### Goal of the exercise
Leave the pictures out and give every entry again exactly.

### Data excerpts
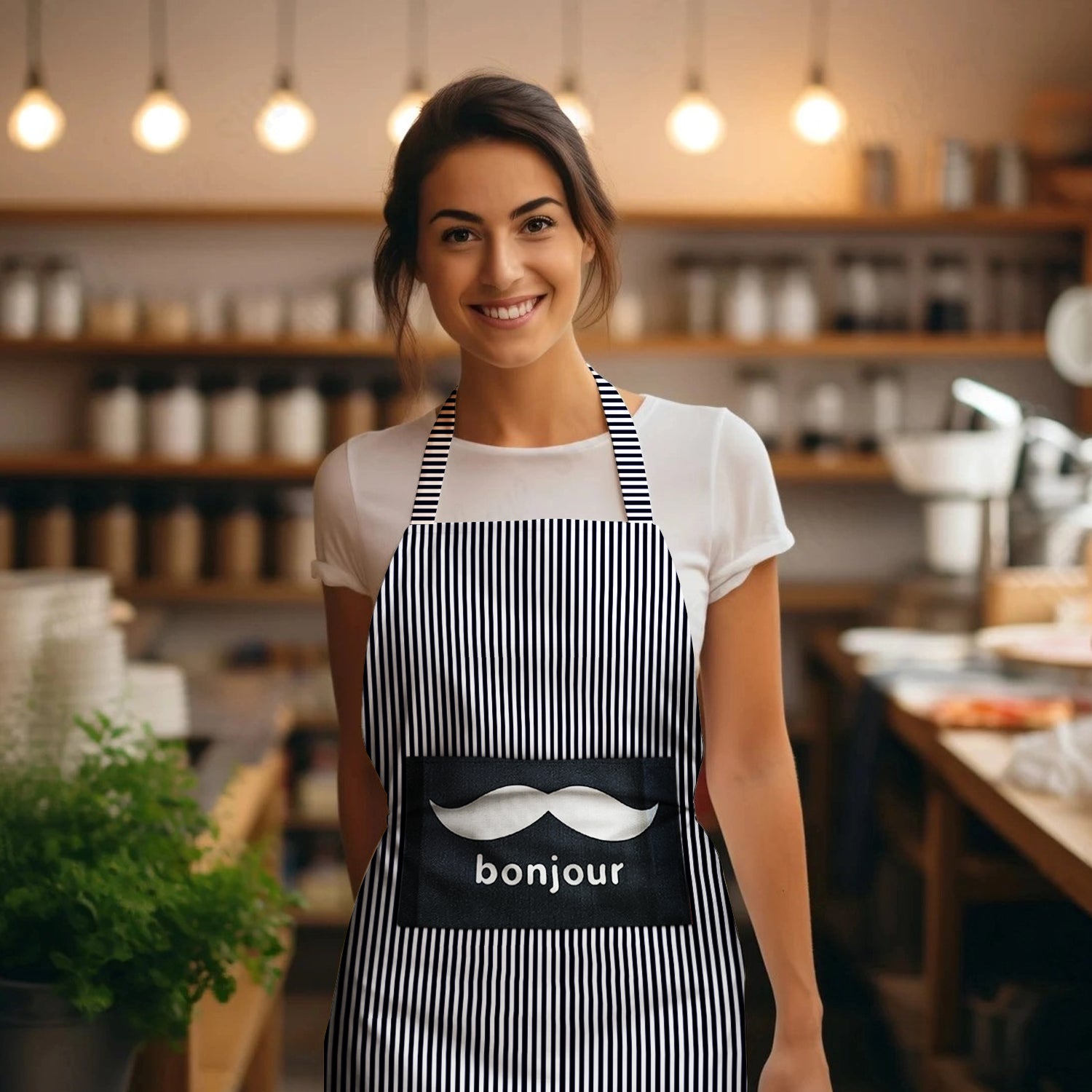 - ★ It is designed with a spacious single pocket in the middle of the apron to hold pens, memos, cellphones, or little cooking items.
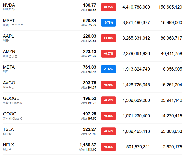 - 애플(+3.18%)은 전일에 이어 미국 투자 확대 소식이 긍정적으로 작용하며 상승세가 지속. 관련 투자로 트럼프 발 혜택 기대가 부각된 데 힘입은 것으로 추정.
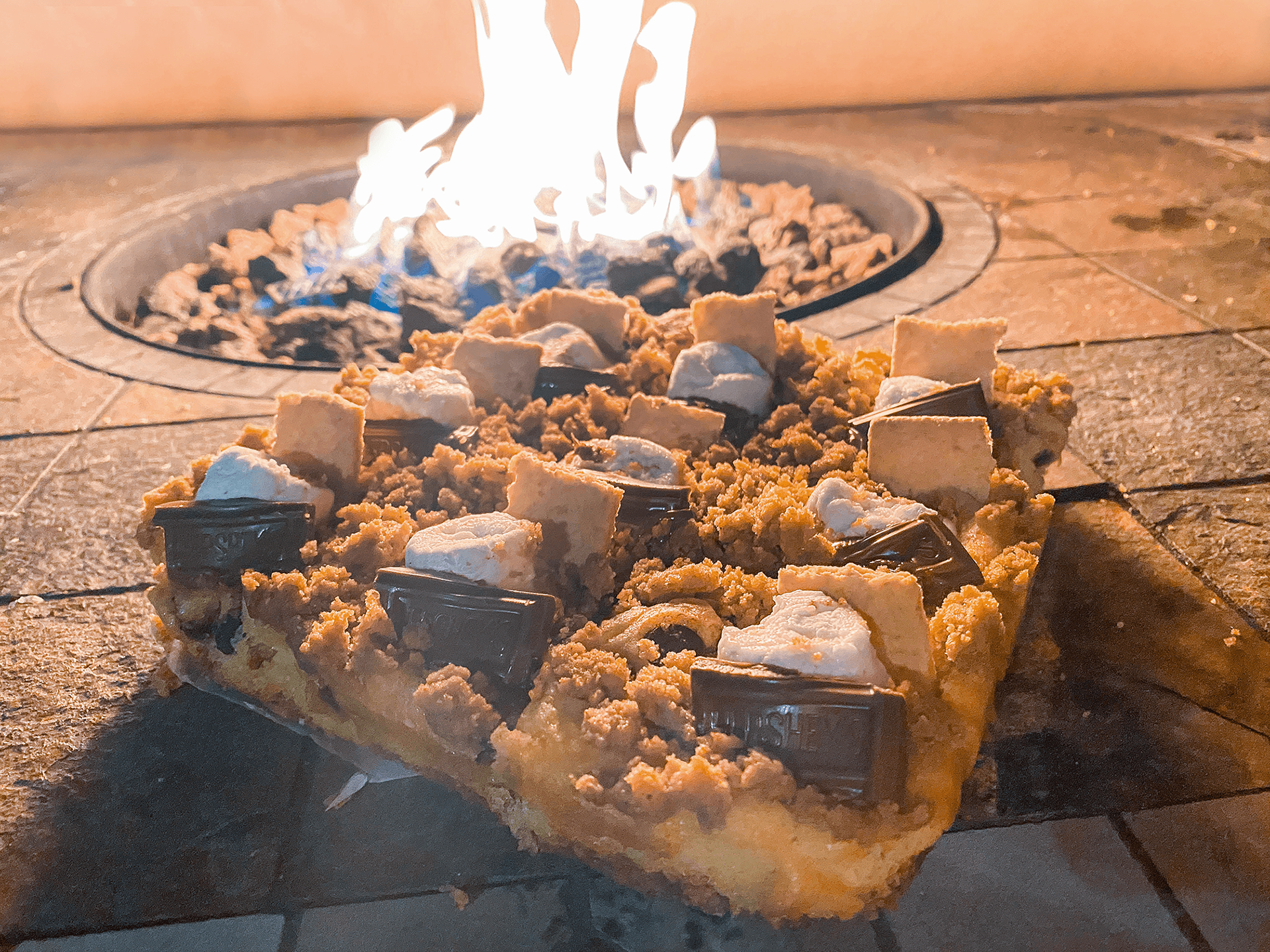Graham cracker crust layered with vanilla cake and milk chocolate morsels. Topped with marshmallow, Hershey chocolate and graham crackers. *Best served warm*
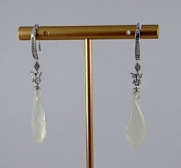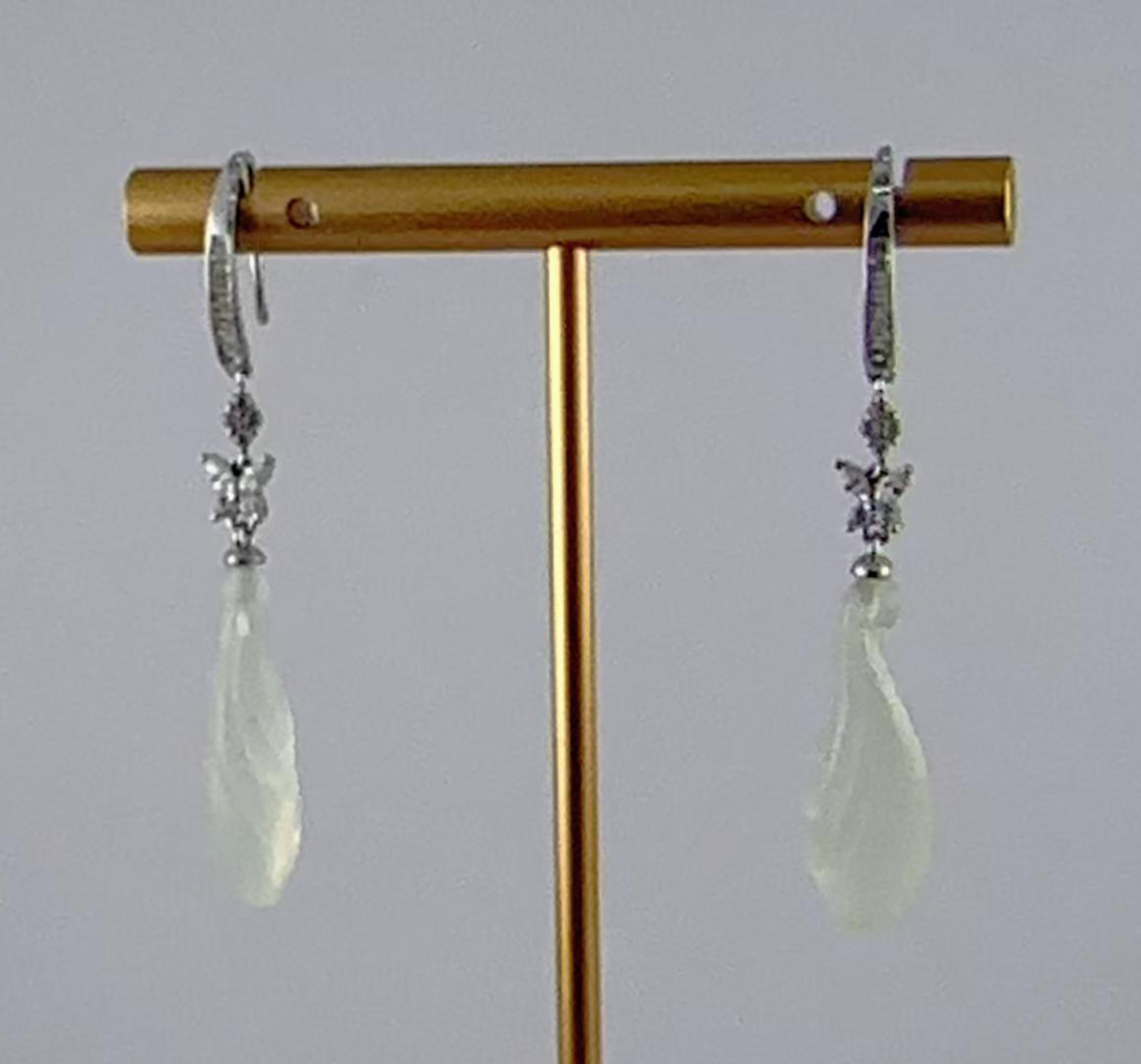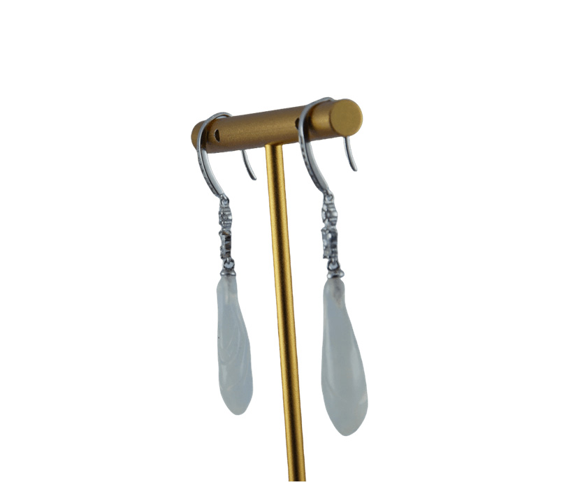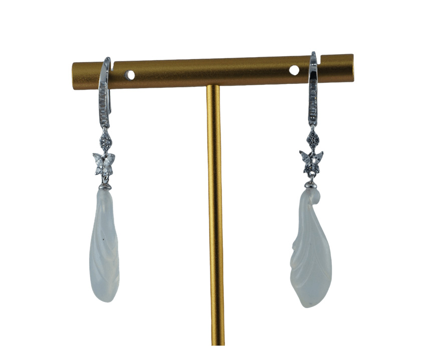 采用925银打造坚实耐用的耳钩结构,下方用四个小水钻锆石组成的菱形,连接精巧镶嵌水钻锆石的小蝴蝶。点睛与收官是一只天然玉石全手工雕刻的玉兰花悬于钻蝶之下。整件耳饰自上而下,构成了“璀璨锋芒 → 灵动生命 → 沉稳祝福”的视觉与寓意叙事。它既有钻石闪耀的现代时尚感,又有蝴蝶翩翩的浪漫艺术感,更兼玉石平安的东方文化底蕴。佩戴时,三者在耳畔形成优美的垂坠线条与光影层次,动静结合,相得益彰。
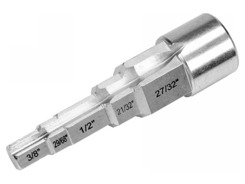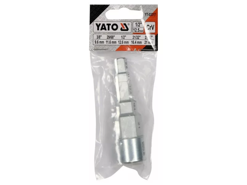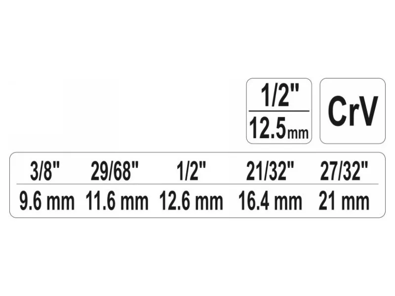 A 3/8" (9.6 mm) / 29/68" (11.6 mm) / 1/2" (12.6 mm) / 21/32" (16.4 mm) / 27/32" (21 mm) drive 1/2" step wrench made of high-grade CRV steel. On both sides it has a notch designed for screwówrench with tabs.
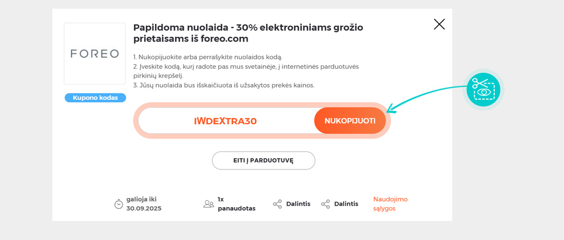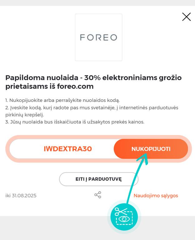 Nukopijuokite arba užsirašykite nuolaidos kodą ir paspauskite mygtuką „Eiti į parduotuvę“. Tada būsite nukreipti tiesiai į elektroninę parduotuvę Foreo.com
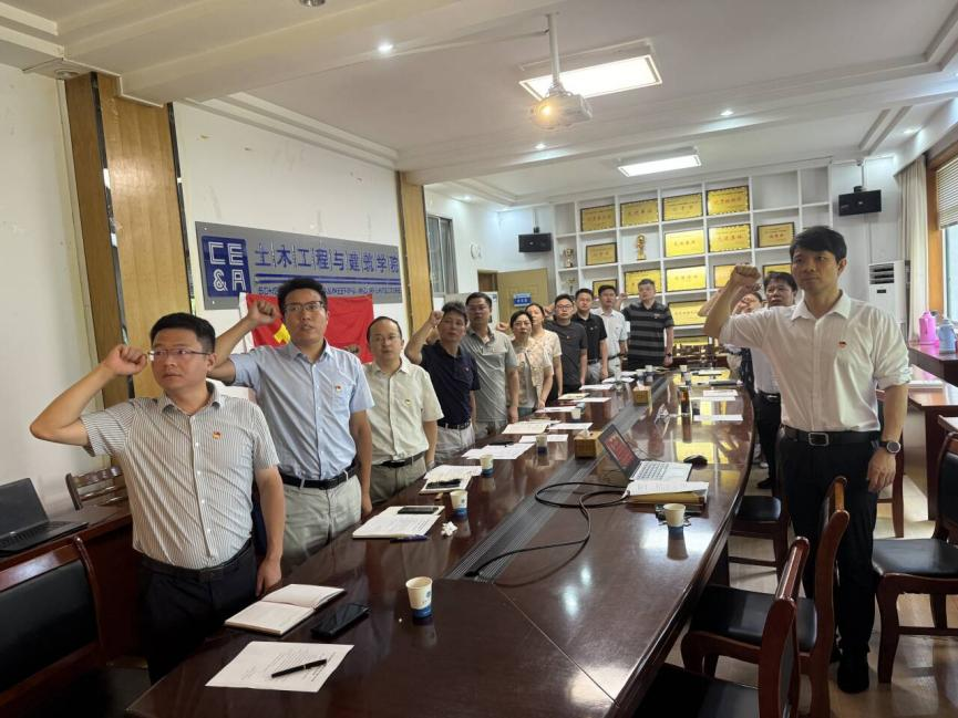 活动在全体成员奏唱国歌声中拉开帷幕,道路桥梁与渡河工程教工党支部书记徐丰领誓,全体党员重温入党誓词。

### Solved problem
 - ★ It is designed with a spacious single pocket in the middle of the apron to hold pens, memos, cellphones, or little cooking items.
 - 애플(+3.18%)은 전일에 이어 미국 투자 확대 소식이 긍정적으로 작용하며 상승세가 지속. 관련 투자로 트럼프 발 혜택 기대가 부각된 데 힘입은 것으로 추정.
Graham cracker crust layered with vanilla cake and milk chocolate morsels. Topped with marshmallow, Hershey chocolate and graham crackers. *Best served warm*
 采用925银打造坚实耐用的耳钩结构,下方用四个小水钻锆石组成的菱形,连接精巧镶嵌水钻锆石的小蝴蝶。点睛与收官是一只天然玉石全手工雕刻的玉兰花悬于钻蝶之下。整件耳饰自上而下,构成了“璀璨锋芒 → 灵动生命 → 沉稳祝福”的视觉与寓意叙事。它既有钻石闪耀的现代时尚感,又有蝴蝶翩翩的浪漫艺术感,更兼玉石平安的东方文化底蕴。佩戴时,三者在耳畔形成优美的垂坠线条与光影层次,动静结合,相得益彰。
 A 3/8" (9.6 mm) / 29/68" (11.6 mm) / 1/2" (12.6 mm) / 21/32" (16.4 mm) / 27/32" (21 mm) drive 1/2" step wrench made of high-grade CRV steel. On both sides it has a notch designed for screwówrench with tabs.
 Nukopijuokite arba užsirašykite nuolaidos kodą ir paspauskite mygtuką „Eiti į parduotuvę“. Tada būsite nukreipti tiesiai į elektroninę parduotuvę Foreo.com
 活动在全体成员奏唱国歌声中拉开帷幕,道路桥梁与渡河工程教工党支部书记徐丰领誓,全体党员重温入党誓词。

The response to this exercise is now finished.